▶ [TRY IT]:
What is wanted is every line below from the one with "Θήκη Samsung Galaxy" up to and including the one with "粒型好:微粉顆粒形狀均勻規則", retyped exactly, pictures excluded, nothing else.

▶ [SUPPLIED DATA]:
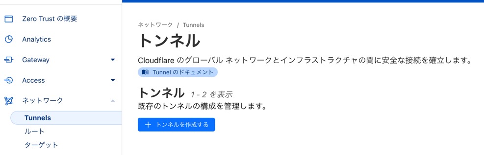 Cloudflareの管理コンソールにログインして、Zero Trust > ネットワーク > Tunnels に遷移します。
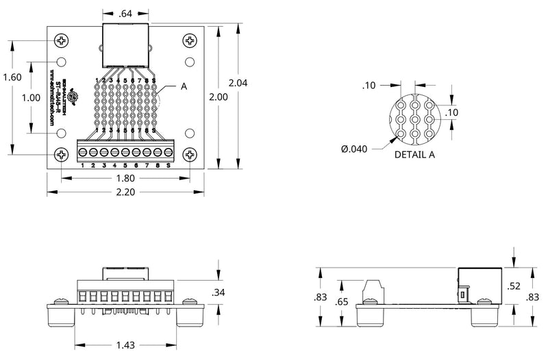 This RJ45 breakout board provides a convenient method of accessing all the contacts of an 8P8C connector, including the shield. Each of the 9 connections are brought out to a screw terminal for fast and secure termination to wires. This board also features a prototyping area to enable in-circuit modifications as well as easy probing/diagnostics. The prototyping grid has a standard 0.1" pattern to enable compatibility with a variety of components. The rubber feet on this model provide clearance for the connections on the bottom making it perfect for a lab environment where it can be placed directly on a bench.
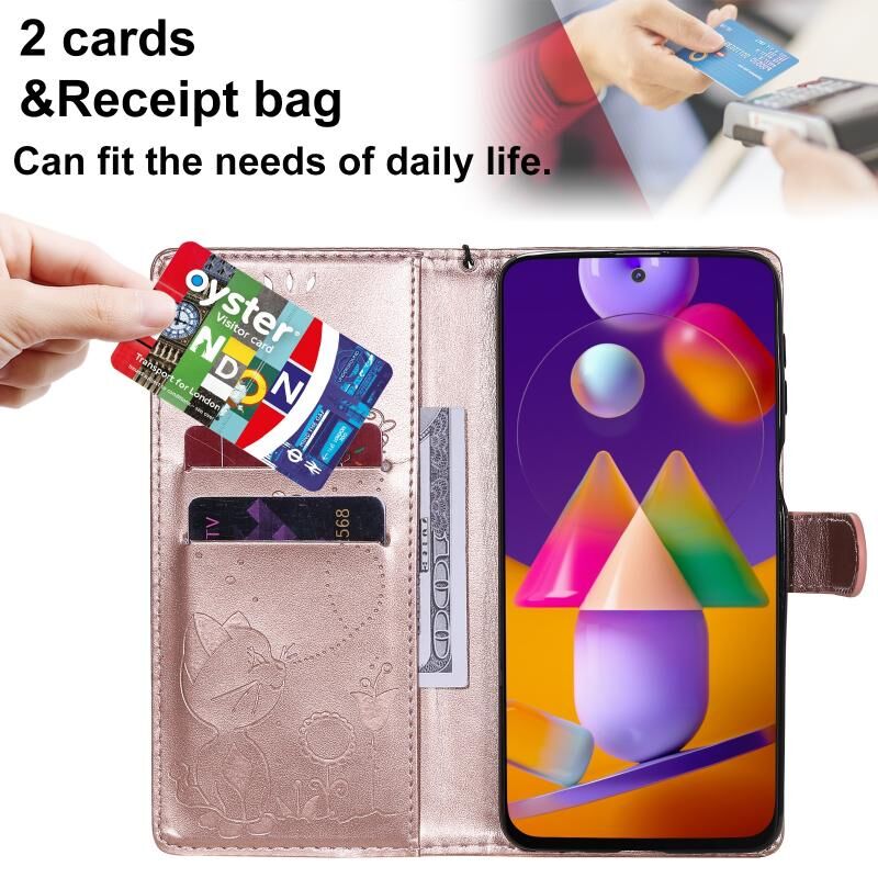 Θήκη Samsung Galaxy M31s Cat Bee με ανάγλυφο σχέδιο, αντικραδασμική, οριζόντια, από δέρμα με βάση & θήκες για κάρτες & πορτοφόλι (Μπλε)
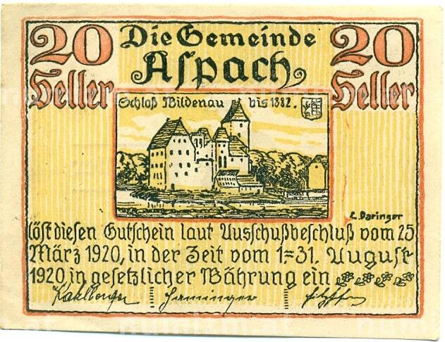 Купить 20 геллеров 1920 года Австрия — Аспах (Нотгельд) по привлекательной цене можно в нашем интернет-магазине — Вам достаточно оформить заказ на сайте. Все монеты, представленные в каталоге, находятся в наличии на нашем складе.
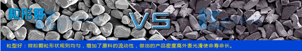 粒型好:微粉顆粒形狀均勻規則,增加了原料的流動性,做出的產品密度高外表光滑使用壽命長。
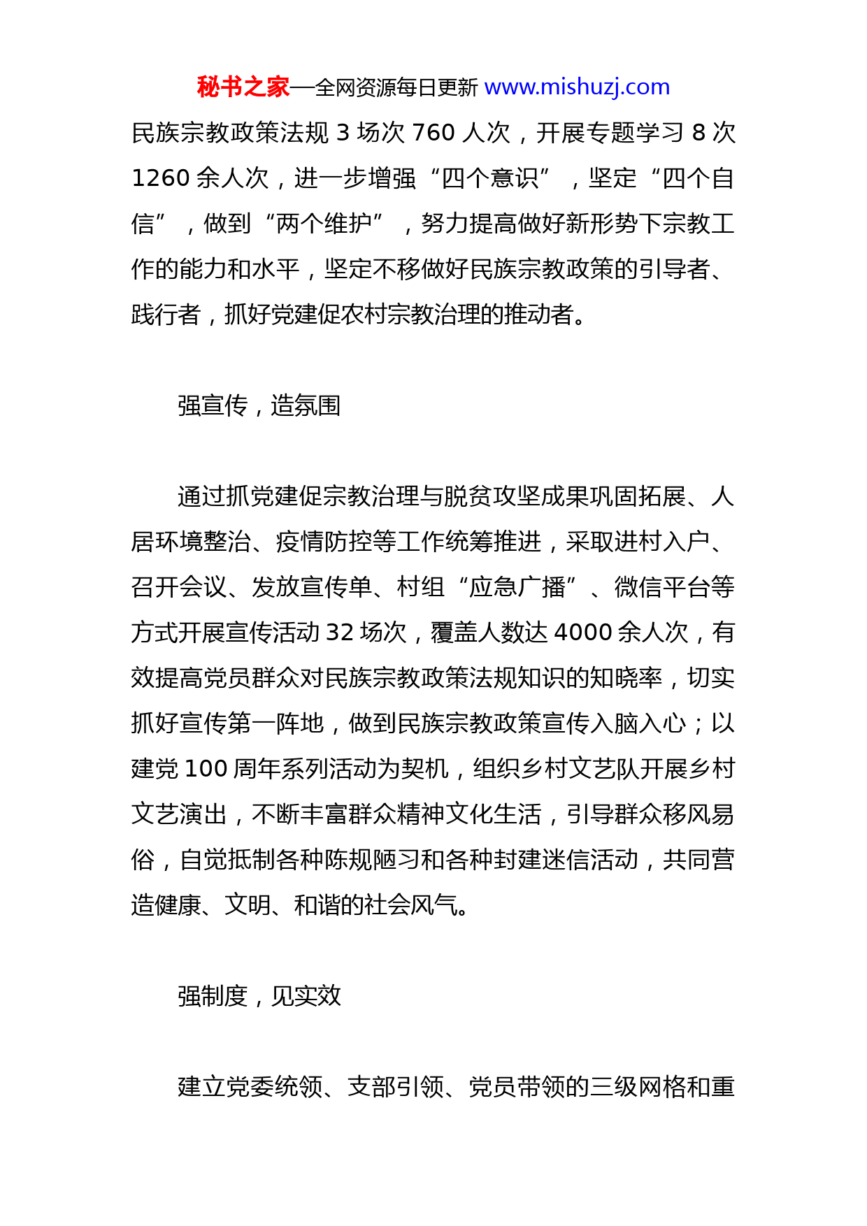 秘书之家—全网资源每日更新www.mishuzj.comX乡“五强化”抓好党建促农村宗教治理工作为巩固民族团结、地区和顺,XX乡采取“五强化”措施充分发挥党组织战斗堡垒和党员先锋模范作用,团结凝聚广大群众,切实把抓党建促农村宗教治理工作干在实处、走在前列。强组织,明责任结合工作实际,成立以专职副书记为组长,挂村领导为副组长,“两委”班子、驻村第一书记和工作队员为成员的抓党建促农村宗教治理工作领导小组。通过定期召开党建促农村宗教治理工作会议找症结、议对策、出实招、解难题、再落实,层层压实主体责任,形成有人管、有人抓、抓出成效的组织体系。强教育,提能力通过党委理论学习中心组、万名党员进党校培训、主题党日专题学,周一例会、村组会议集中学,微信公众号、QQ群跟进学等及时等方式组织培训党员干部群众学习秘书之家—全网资源每日更新www.mishuzj.com民族宗教政策法规3场次760人次,开展专题学习8次1260余人次,进一步增强“四个意识”,坚定“四个自信”,做到“两个维护”,努力提高做好新形势下宗教工作的能力和水平,坚定不移做好民族宗教政策的引导者、践行者,抓好党建促农村宗教治理的推动者。强宣传,造氛围通过抓党建促宗教治理与脱贫攻坚成果巩固拓展、人居环境整治、疫情防控等工作统筹推进,采取进村入户、召开会议、发放宣传单、村组“应急广播”、微信平台等方式开展宣传活动32场次,覆盖人数达4000余人次,有效提高党员群众对民族宗教政策法规知识的知晓率,切实抓好宣传第一阵地,做到民族宗教政策宣传入脑入心;以建党100周年系列活动为契机,组织乡村文艺队开展乡村文艺演出,不断丰富群众精神文化生活,引导群众移风易俗,自觉抵制各种陈规陋习和各种封建迷信活动,共同营造健康、文明、和谐的社会风气。强制度,见实效建立党委统领、支部引领、党员带领的三级网格和重秘书之家—全网资源每日更新www.mishuzj.com点区域网格,形成主体在乡、延伸到村、落实到组、规范到人的工作网络,做到横向到边、纵向到底,实现宗教管理、常态化管控全覆盖,推进宗教领域矛盾纠纷在“网格”中化解,推进农村宗教治理工作落地见效。强堡垒,夯基础严格落实关于党建工作各项部署要求,突出政治功能,按照中央和省、州、县委工作要求,提高政治站位、超前谋划部署,通过换届选优配强乡、村党组织成员,建强基层党组织战斗堡垒,结合群众需求和实际因地制宜,服务群众,让群众享有更多的获得感、幸福感,把群众凝聚在党组织周围,推动抓党建促农村宗教治理各项任务落实落细落小。
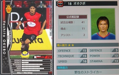 ・何気にゴンよりも柳沢よりも独力突破は出来るタイプでした。柳沢が理性で大久保が野生ってのも変なネーミングだけど、前線でのスピードはなかなかでしたよ。ただ、中盤でのスピードは全然無いのでPA近くで急にアクセルを踏む感じ。スピード16の割にはシュートタイミングを逸してしまうほどにグッと入り込むので注意が必要。ボールタッチも大きくなりがちなのでGKにキャッチされない様に。大久保もスタミナがアレなので後半要員でした。日本人選手は総じてスタミナがやばいっすねー。

▶ [RESULT FOR THIS TASK]:
 Θήκη Samsung Galaxy M31s Cat Bee με ανάγλυφο σχέδιο, αντικραδασμική, οριζόντια, από δέρμα με βάση & θήκες για κάρτες & πορτοφόλι (Μπλε)
 Купить 20 геллеров 1920 года Австрия — Аспах (Нотгельд) по привлекательной цене можно в нашем интернет-магазине — Вам достаточно оформить заказ на сайте. Все монеты, представленные в каталоге, находятся в наличии на нашем складе.
 粒型好:微粉顆粒形狀均勻規則,增加了原料的流動性,做出的產品密度高外表光滑使用壽命長。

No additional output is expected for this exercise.